Researchers have made headway towards lab based testing of one of the cutting-edge theories in fundamental physics – the Unruh effect.
When astronauts in a spacecraft undergo super strong acceleration and see the light of stars stream by, then the Unruh effect is an additional warm glow on top of the streaming light. First predicted by Canadian physicist Bill Unruh, this effect is closely related to the glow from black holes predicted by Stephen Hawking. This is because black holes strongly accelerate everything towards them.
Black holes may be thought of being entirely black, but they aren’t according to researchers. According to discovery made by Stephen Hawking, black holes should emit radiation and this is primarily because while nothing else can escape a black hole quantum fluctuations of radiation can.
Similar to how the Hawking effect needs a black hole, the Unruh effect requires enormous accelerations to produce a significant glow. The Unruh effect was therefore thought to be so weak that it would be impossible to measure with the accelerations that can be achieved in experiments with current technology.

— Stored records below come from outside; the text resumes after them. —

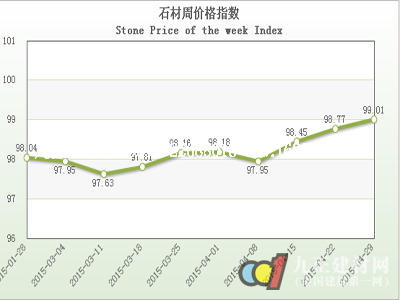 從4月石材周價(jià)格指數(shù)走勢(shì)圖看,本月石材周價(jià)格指數(shù)除2015-04-08期略下調(diào)外,總體基本呈現(xiàn)一路平緩?fù)粕淖邉?shì),價(jià)格循序漸進(jìn)調(diào)整。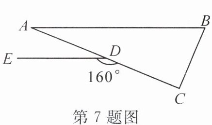7. (仙桃中考)如图,在△ABC中,∠C = 90°,点D在AC上,DE // AB。若∠CDE = 160°,则∠B的度数为(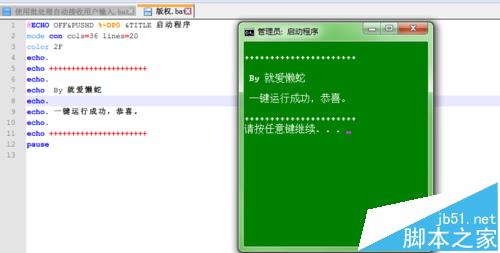 6、notepad++写好代码之后,点击运行菜单,选中bat。或者直接按ctrl+4组合键快速运行批处理。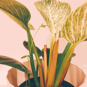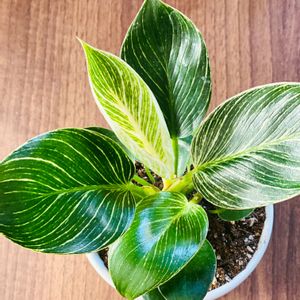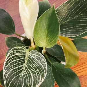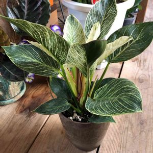 繊細な斑入りが美しい! フィロデンドロン バーキンです✨ 新芽はとても白く、成長するにつれて 細かい線状の白斑からグリーンの葉へ 変化していきます🌿 葉色の変化が楽しめる冬のお部屋の インテリアグリーンとしておすすめです☃️❤︎

The research team found an innovative way to experiment on the Unruh effect through a novel use of high-intensity lasers. They discovered that shining a high-intensity laser on an accelerated particle can amplify the Unruh effect so much that it actually becomes measurable.
In an unexpected twist, the team also discovered that by delicately balancing acceleration and deceleration, one should even be able to make accelerated matter transparent.
The ability to experiment on the Unruh effect as well as on the new phenomenon of acceleration-induced transparency provide a big boost for physicists, who have long been searching for ways to unify Einstein’s theory of general relativity with quantum mechanics.